One of the company's first programs was in influenza, and in 2005 it added pandemic flu to its formal drug-development pipeline with the goal of filing an investigational new drug application by the end of 2006 after securing US government funding.
However, by mid-2007 the company put the effort on hold, with Maraganore saying that “we have just not been satisfied with the level of in vivo efficacy we’re seeing related to specific RNAi effects” (GSN 8/16/2007). The program has since quietly disappeared from Alnylam's disclosed pipeline.
Alnylam also had a fledgling effort in wet AMD, and in 2004 partnered with Merck on the program. The next year, however, Maraganore gave hints that the firm was planning to end the program in light of strong data from more-developed treatments under development by other drug makers (GSN 8/5/2005). Alnylam did so a few months later.
Meanwhile, little has been said about Alnylam's collaboration with Biogen Idec since the companies announced their alliance in 2006. At the time, the firms said they were aiming to use Alnylam's RNAi technology to treat progressive multifocal leukoencephalopathy, an opportunistic viral infection of the brain that has been associated with Biogen Idec's multiple sclerosis drug Tysabri (GSN 9/21/2006).
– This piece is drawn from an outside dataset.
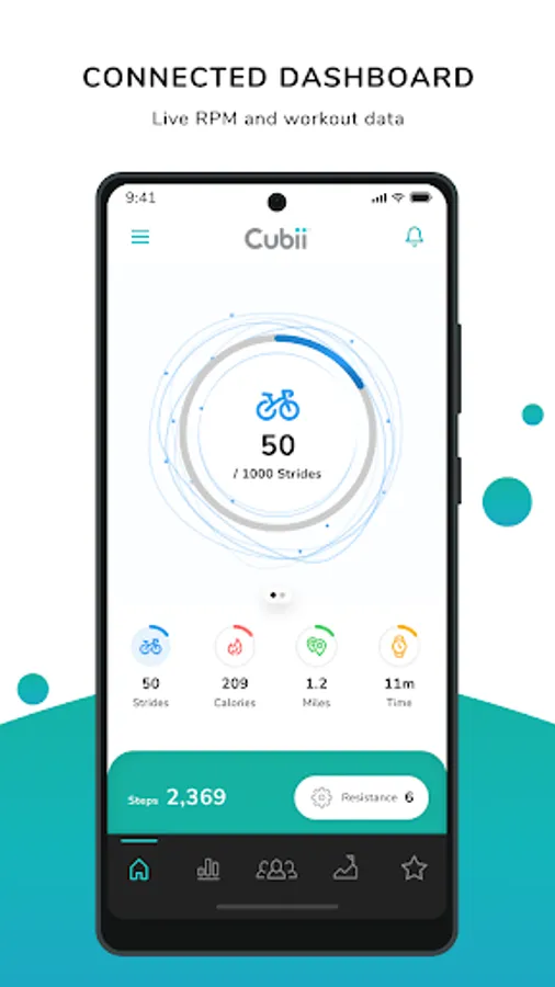 Seamlessly connect with Cubii, the world's first smart under-desk elliptical trainer to get a real-time update of your desk workout via Bluetooth — including strides, distance, calories burned, and more.

Alnylam still lists the alliance on its website, but has not mentioned the arrangement since it was first announced.
More recently, Alnylam disclosed that it has dropped out of its partnership with Medtronic to develop an RNAi-based treatment for Huntington's disease (GSN 5/10/2012). Once structured as a 50/50 arrangement, Medtronic will now be responsible for all development and commercialization of the candidate, with Alnylam receiving only milestones and royalties.